→ PROBLEM: Copied exactly and without pictures, the lines from the beginning of the entries through the one that holds "29 Inch Akoya" should form the entire reply.

→ ENTRIES SUPPLIED:
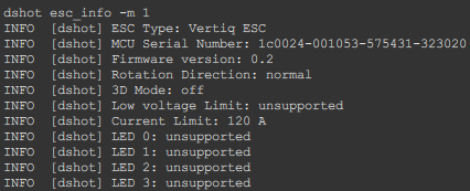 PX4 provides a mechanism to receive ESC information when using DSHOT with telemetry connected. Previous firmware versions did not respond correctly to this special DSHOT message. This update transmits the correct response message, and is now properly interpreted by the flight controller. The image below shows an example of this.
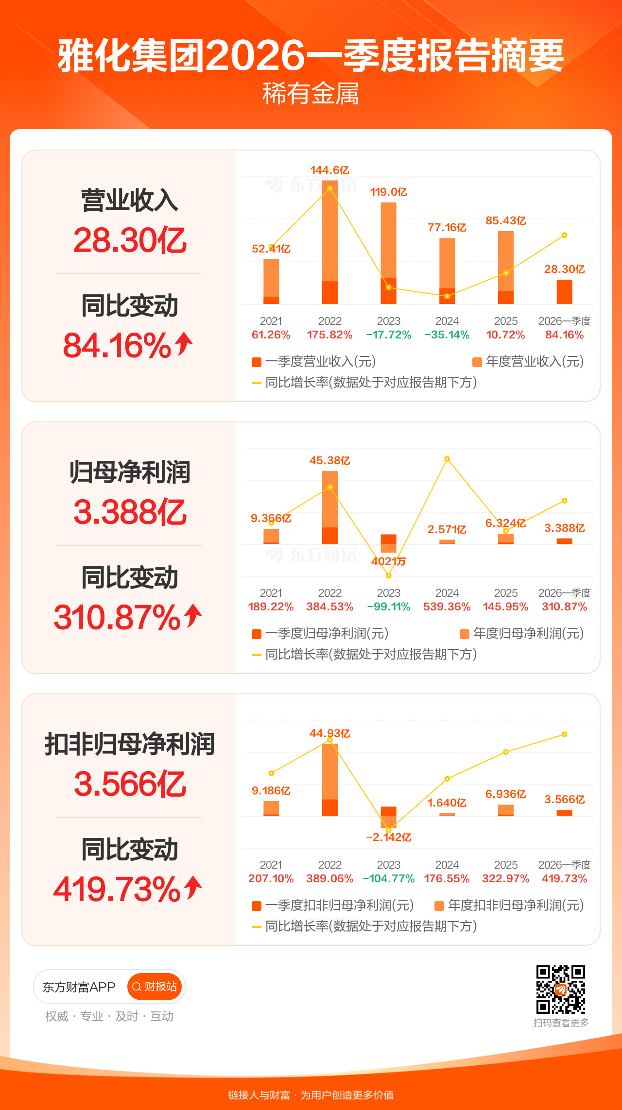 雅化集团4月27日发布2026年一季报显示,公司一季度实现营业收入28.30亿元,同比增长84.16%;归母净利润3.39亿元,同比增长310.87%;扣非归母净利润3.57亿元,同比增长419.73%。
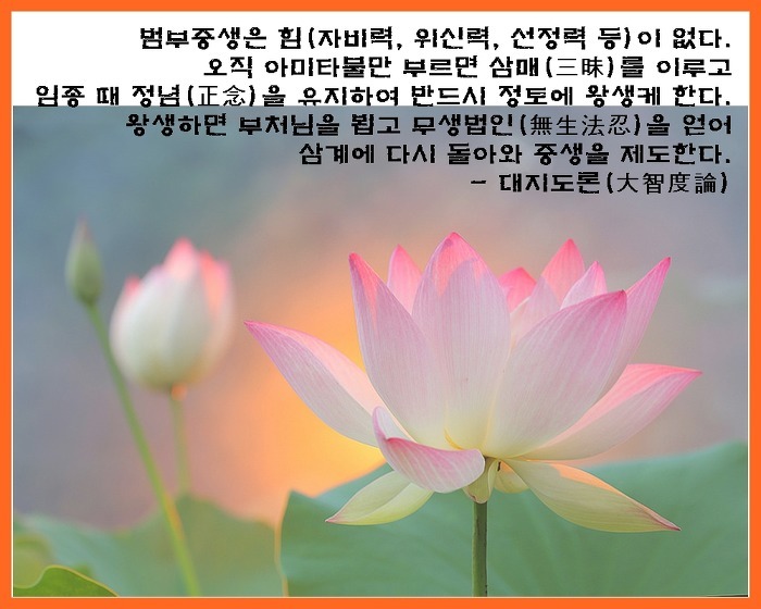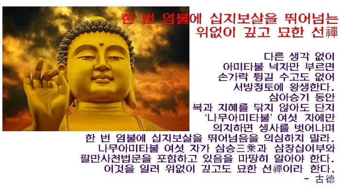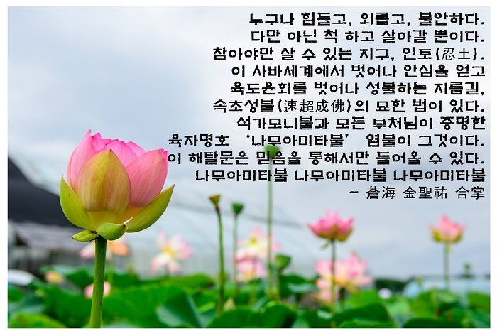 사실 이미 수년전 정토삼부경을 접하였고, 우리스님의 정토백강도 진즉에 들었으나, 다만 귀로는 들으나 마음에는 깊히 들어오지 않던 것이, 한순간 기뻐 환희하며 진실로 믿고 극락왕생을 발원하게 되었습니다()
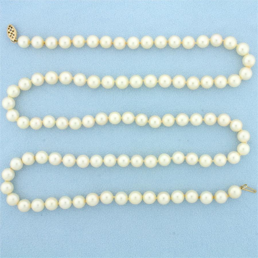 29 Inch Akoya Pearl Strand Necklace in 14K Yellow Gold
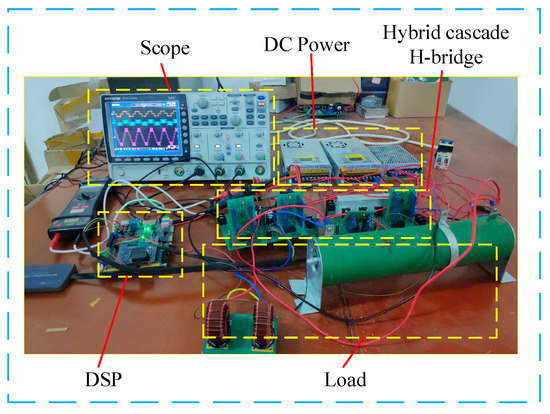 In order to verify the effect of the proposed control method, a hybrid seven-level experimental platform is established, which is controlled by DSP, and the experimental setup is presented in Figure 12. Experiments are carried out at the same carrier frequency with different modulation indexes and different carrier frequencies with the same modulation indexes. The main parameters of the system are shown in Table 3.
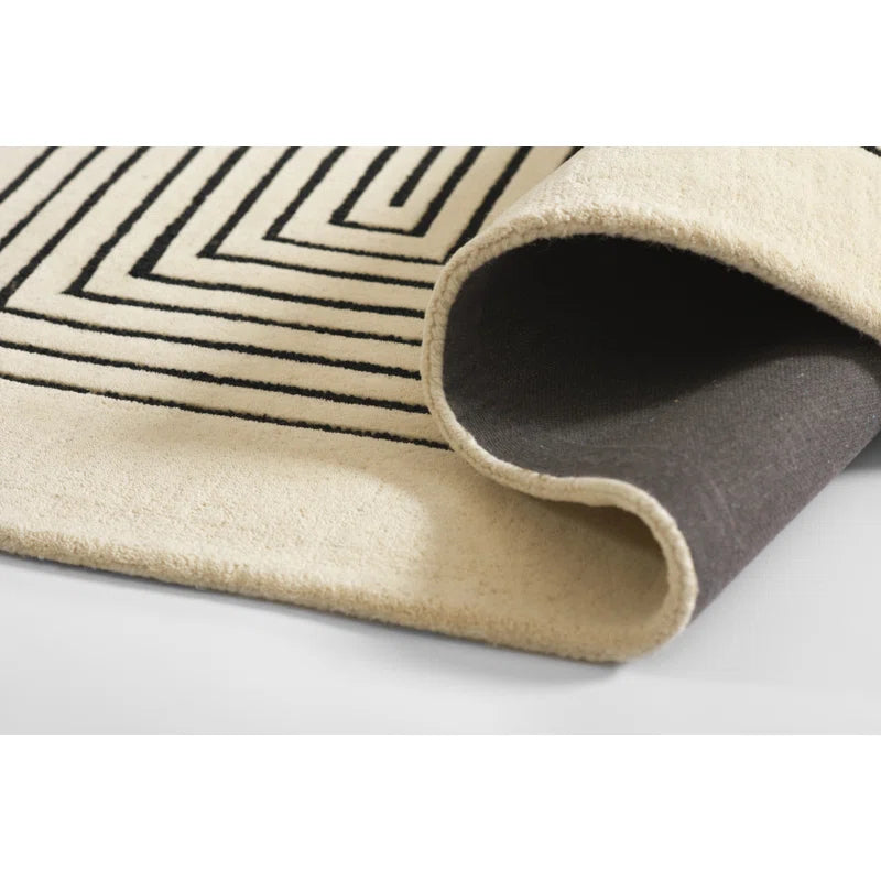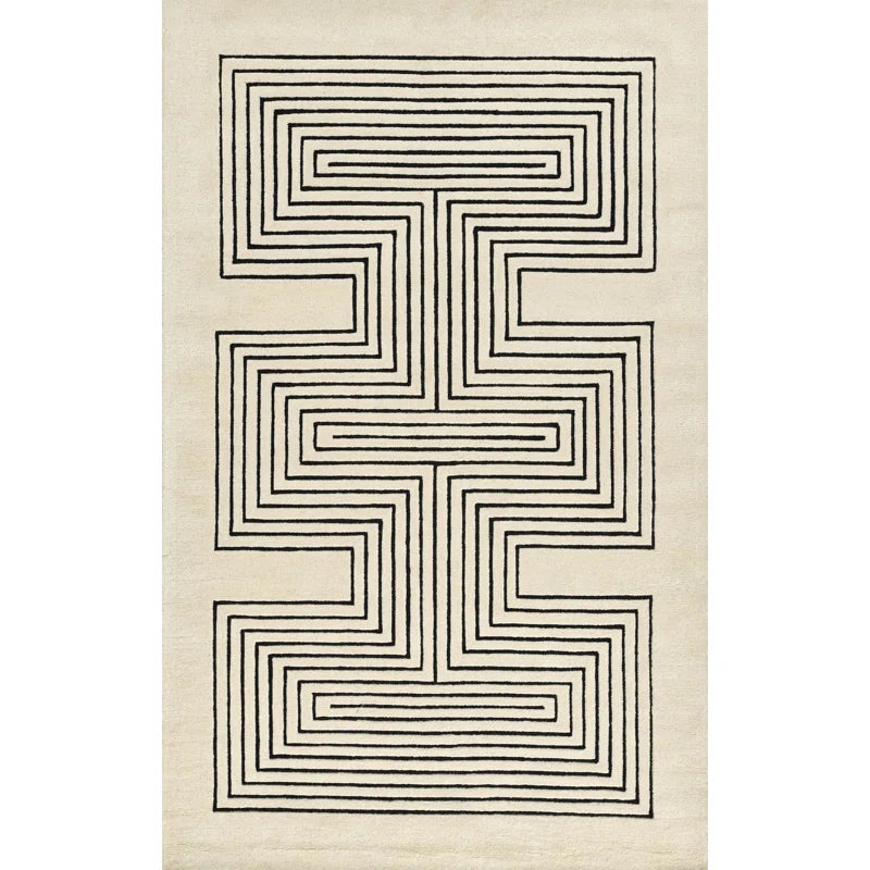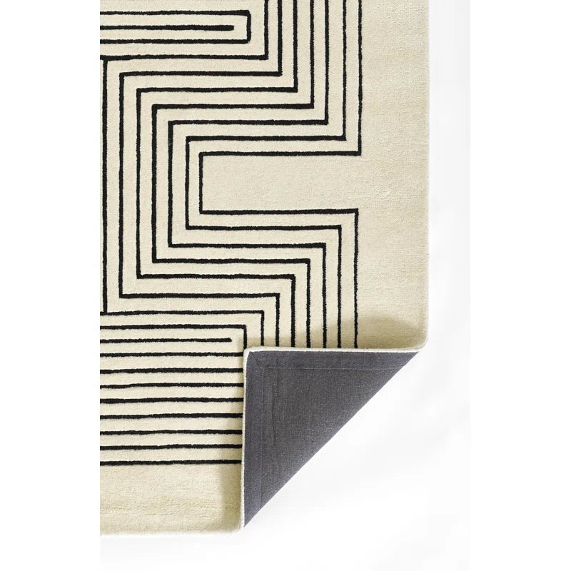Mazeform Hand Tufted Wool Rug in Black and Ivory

→ COMPLETED TASK:
 PX4 provides a mechanism to receive ESC information when using DSHOT with telemetry connected. Previous firmware versions did not respond correctly to this special DSHOT message. This update transmits the correct response message, and is now properly interpreted by the flight controller. The image below shows an example of this.
 雅化集团4月27日发布2026年一季报显示,公司一季度实现营业收入28.30亿元,同比增长84.16%;归母净利润3.39亿元,同比增长310.87%;扣非归母净利润3.57亿元,同比增长419.73%。
 사실 이미 수년전 정토삼부경을 접하였고, 우리스님의 정토백강도 진즉에 들었으나, 다만 귀로는 들으나 마음에는 깊히 들어오지 않던 것이, 한순간 기뻐 환희하며 진실로 믿고 극락왕생을 발원하게 되었습니다()
 29 Inch Akoya Pearl Strand Necklace in 14K Yellow Gold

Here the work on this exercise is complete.